Dini Hikaye; “Tevafuklar” 53. Bölüm
Faruk’un halası Saliha Hanım, uçağa binip Almanya’ya varınca hemen ambulans ayarlatıp Faruk’u ona bindirdi. Yaklaşık olarak bir saatlik yolculuktan sonra Saliha Hanım’ın kocasından miras kalan hastaneye geldiler. Bu hastane 4 katlı bir hastaneydi. Hemen hemen tüm bölümler vardı. Hastanedeki yatak sayısı 400 kişilikti. Bu hastaneye gelen hastaları tüm doktor ve hemşireler güler yüzle karşılarlardı. Bu sebeple hastalara güler yüz sayesinde daha hızlı iyileşirlerdi.
Saliha Hanım, içeriye girer girmez hastanede çalışan herkes ona sevgi gösterisinde bulunup hoş geldin dediler. Ardından Faruk’u yatacağı odaya götürdüler. Bu oda Faruk’a özel döşenmişti. Her türlü konfor vardı. Adeta ev gibiydi. Onun sağlığına kavuşması, mutlu olması için her şey yapılmıştı.
Faruk, odaya yatırıldıktan birkaç saat sonra doktor gelip muayene etti ve korkulacak bir durum olmadığını, ameliyattan sonra düzenli egzersizlerle sağlığına kavuşacağını bildirdi.

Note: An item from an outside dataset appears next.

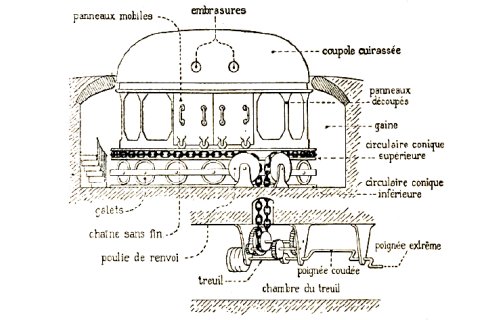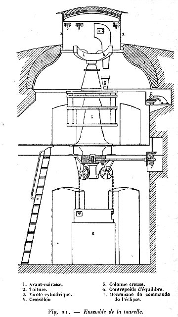 Aufbau des Maschinengewehrturms Quelle: Ministère de Guerre "Service des Canons sous Tourelle et Casemate et des Mitrailleuses sous Tourelle" 1911 |
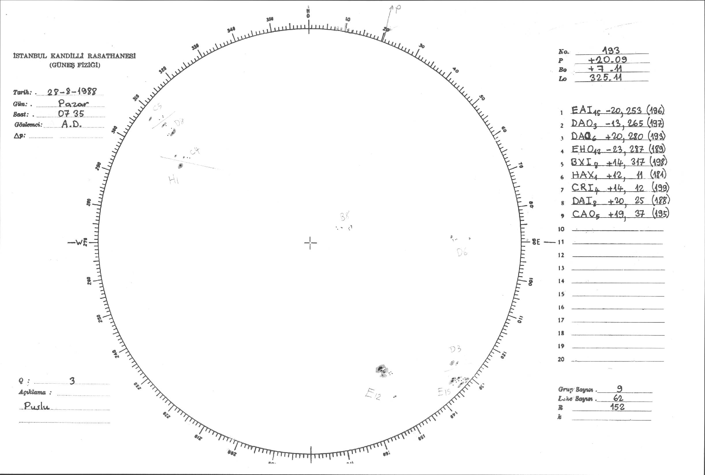 Güneş Lekesi Çizimi - 28.08.1988

Saliha Hanım, doktoru dinledikten sonra mutluluk gözyaşlarıyla Faruk’a sarıldı. Ameliyat bir hafta sonra yapılacaktı. Her hangi bir komplikasyon olmazsa ameliyattan kısa bir süre sonra iyileşebilecekti. İçlerinden en çok sevineni kuşkusuz Fatma olmuştu. Çünkü o iyileştiği takdirde sevdiğini söyleyecek mutluluğu elde etmeye çalışacaktı. Ama bunu nasıl yapacağını bilemiyordu. Aldığı terbiye buna müsaade etmiyordu. Bu işi çözse çözse, ancak Saliha Hanım çözebilirdi. Zaten Saliha Hanım’ında istediği buydu.
Bir hafta sonra ameliyat günü gelmiş, Faruk ameliyata hazırlanmaya başlamıştı.
Faruk, hazırlanıp ameliyata doğru götürülürken Fatma’da onunla beraber gidiyordu.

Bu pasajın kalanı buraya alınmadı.